[Date Prev][Date Next][Thread Prev][Thread Next][Date Index][Thread Index]

Re: [Xen-devel] [PATCH] dom0 linux: Reassign memory resources to device for pci passthrough.



Thank you so much for your reviewing.
Please look my comments in below.

On Fri, 10 Oct 2008 15:05:29 +0800
"Zhao, Yu" <yu.zhao@xxxxxxxxx> wrote:

> Yuji & Keir,
> 
> I guess the comments I gave yesterday is obscure, so I wrote up more 
> details this time. Please take a look.
>
> Thanks,
> Yu
> 
>  > To reassign resources, please add boot parameters of dom0 linux as 
> follows.
>  >
>  >     reassign_resources reassigndev=00:1d.7,01:00.0
>  >
>  >         reassign_resources
>  >                         Enables reassigning resources.
>  >
>  >         reassigndev=    Specifies devices include I/O device and PCI-PCI
>  >                         bridge to reassign resources.  PCI-PCI bridge
>  >                         can be specified, if resource windows need to
>  >                         be expanded.
> 
> Generally, it doesn't work as claimed from my observation.

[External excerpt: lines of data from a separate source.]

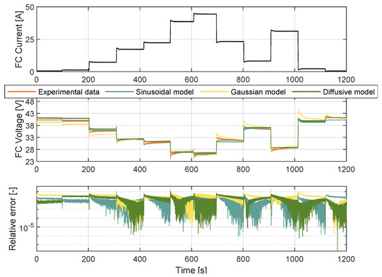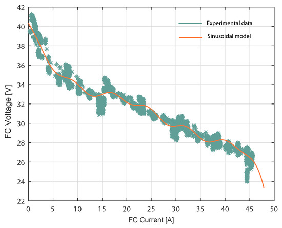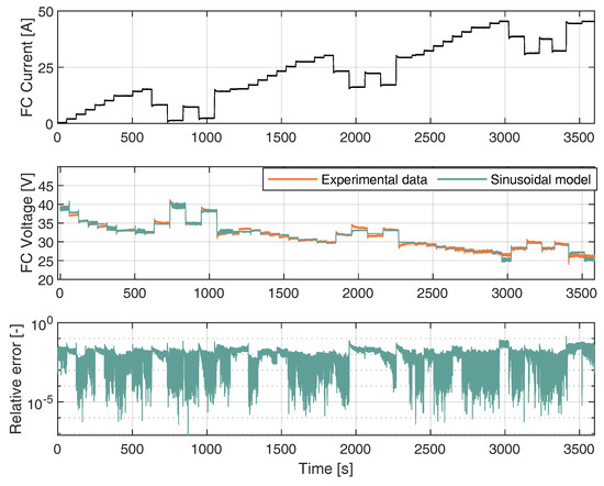 where I is the current data input from the FC. In this context, Equation (7) provides the estimation of the voltage given the current I. It can be observed that, as the current drawn from the FC increased, the FC voltage decreased. Additionally, the simulated FC voltage closely followed the experimental FC voltage. A high deviation between the experimental voltage data and the values estimated by the model occurred at 3410.74 s, corresponding to a current input of 44.45 A. At this point, the voltage difference was 3 V, corresponding to a relative error of 13.37%. The modeling results were quantified using the root mean square error (RMSE). The obtained results are considered satisfactory, given the fact that, for the proposed model, the RMSE was 0.44 V.
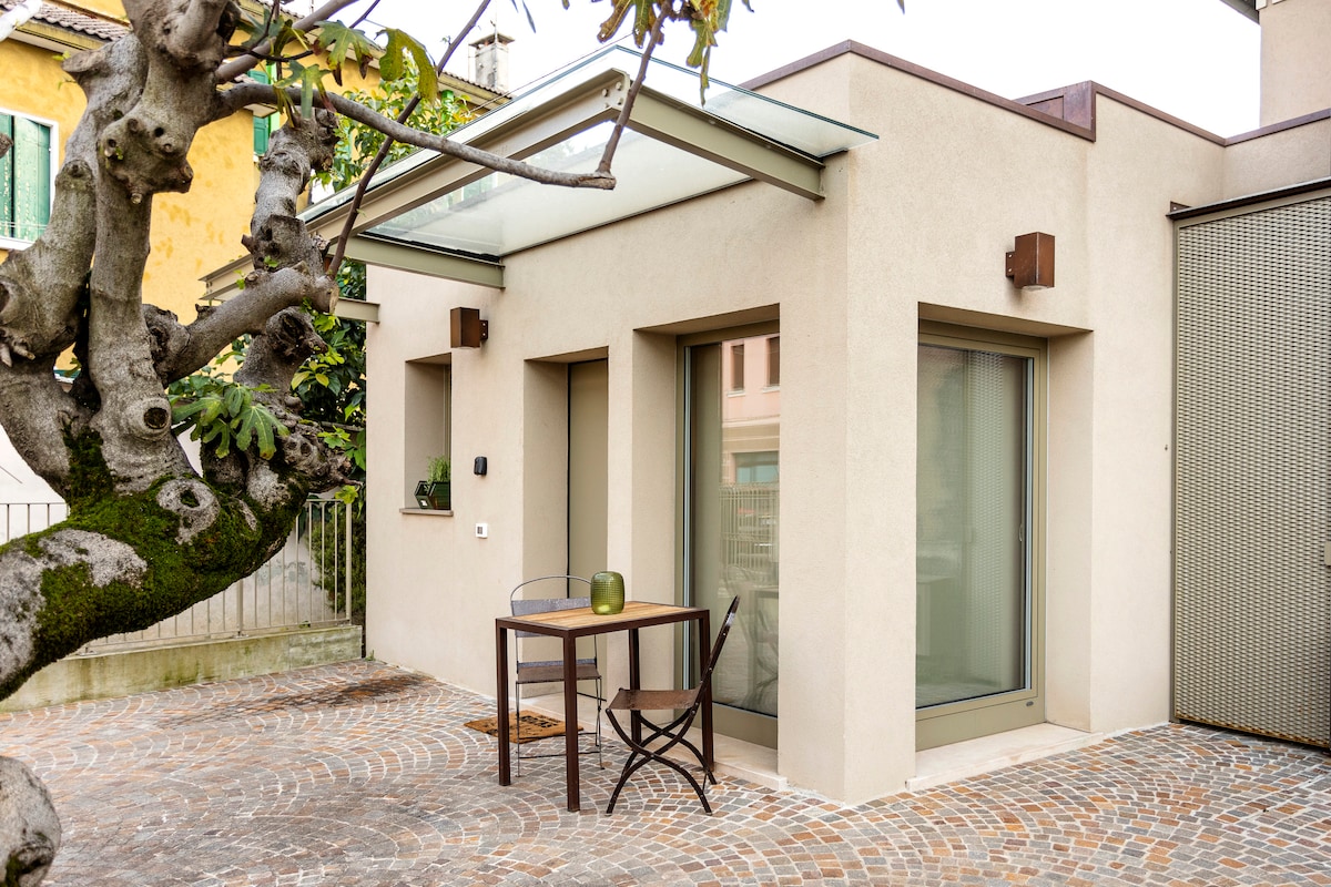 I nærheden af motorvej A4 og busstoppestedet, der kører til Venedig og Padua på mindre end 30 minutter. I centrum, lys, enkel og elegant. Med udsigt over floden med smuk udsigt. Den er udstyret med al komfort, gratis wi-fi, smart-tv, mikrobølgeovn, køleskab, Nespresso-kaffemaskine, aircondition, vaskemaskine/tørretumbler, sikkerhedsboks. Vi er partnere med en strandklub 1,5 km væk med gratis brug af pool for vores gæster. Poolen er åben fra 1. juni 2025 til søndag 1. september 2025. Lukket i tilfælde af dårligt vejr.
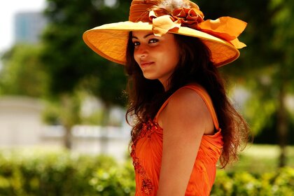 Portrait d'une jeune fille aux cheveux longs et à la tête couverte d'une écharpePortrait d'une jeune fille aux cheveux longs et à la tête couverte d'une écharpe
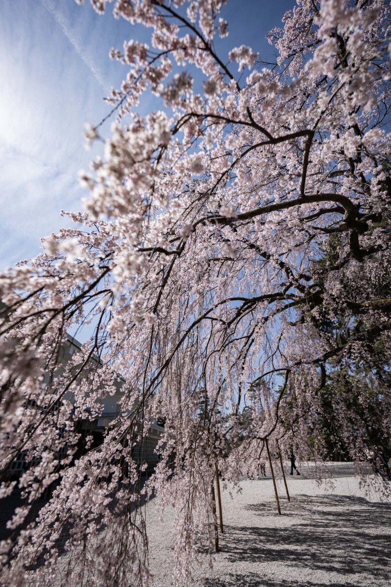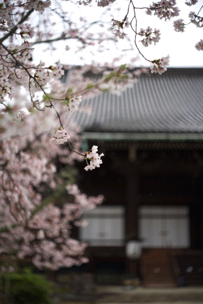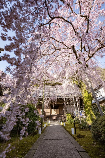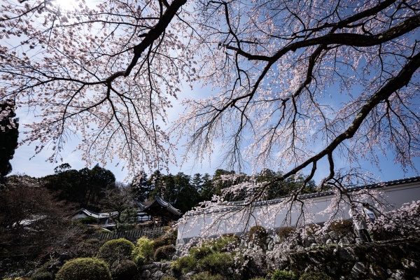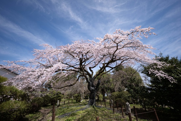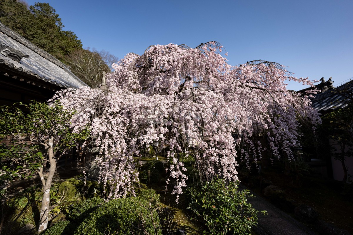 本堂横に咲く江戸彼岸系統の大きな一本桜で、滝のように優雅に垂れ下がる姿が美しいです。
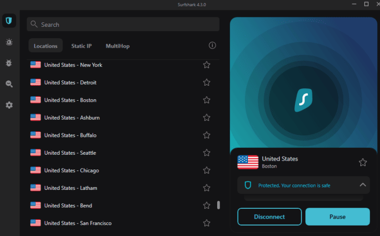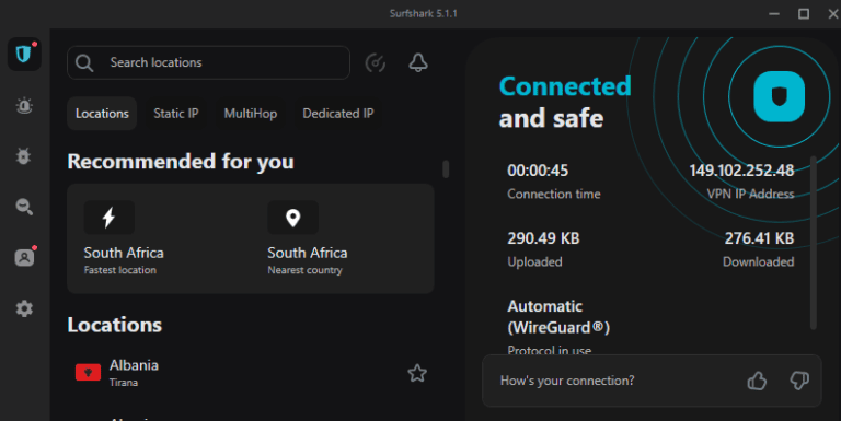 - 连接到 Surfshark 服务器以绕过 ISP 的限制。这消除了滞后,让您能够执行完美的演示并轻松创造得分机会。
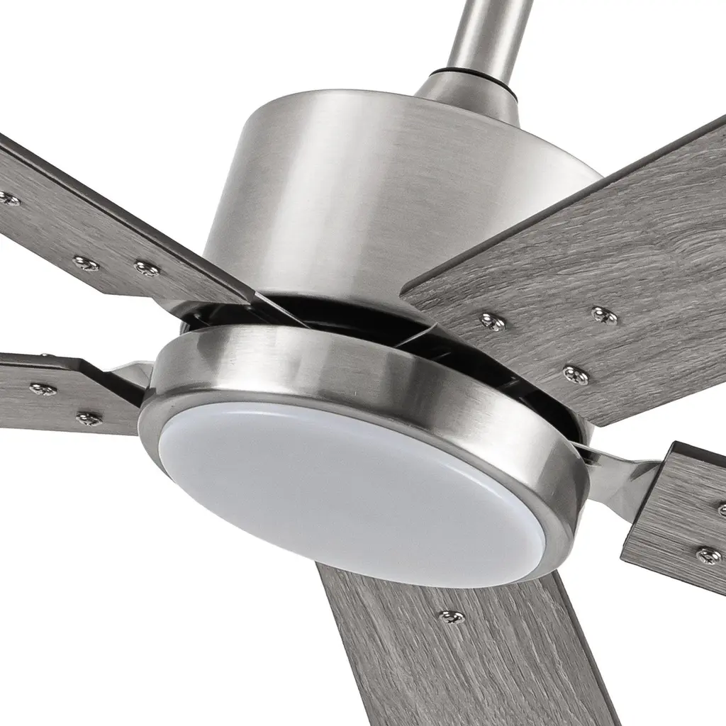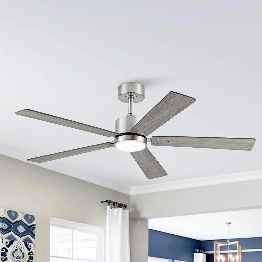 Make your space feel cooler with this Merwry 52-inch industrial-style ceiling fan. LED indoor ceiling fan. Integrated LED light sources provide energy efficiency for large spaces. For easy operation, it is equipped with a handheld remote control that can control 6 levels of wind speed. The acrylic shade, black/brush nicke/white finish and five blades add style. Suitable for use in large space environments.

When I/O device is specified, my patch work fine. But when PCI-PCI
bridge is specified, my patch does not work fine. I can fix it. I will
submit the patch.

> >  /* This quirk function enables us to force all memory resources which are
> >   * assigned to PCI devices, to be page-aligned.
> >   */
> > @@ -41,6 +54,42 @@
> >         int i;
> >         struct resource *r;
> >         resource_size_t old_start;
> > +
> > +       if (reassign_resources) {
> > +               if (dev->hdr_type == PCI_HEADER_TYPE_NORMAL &&
> > +                   (dev->class >> 8) == PCI_CLASS_BRIDGE_HOST) {
> > +                       /* PCI Host Bridge isn't a target device */
> 
> The comments is wrong -- we get invalid device type here, not the host 
> bridge. Host bridge doesn't have a 'dev' at all.

I think Host bridge has 'dev'.
We can see host bridge using lspci.

00:00.0 Host bridge: Intel Corporation 3200/3210 Chipset DRAM Controller (rev 
01)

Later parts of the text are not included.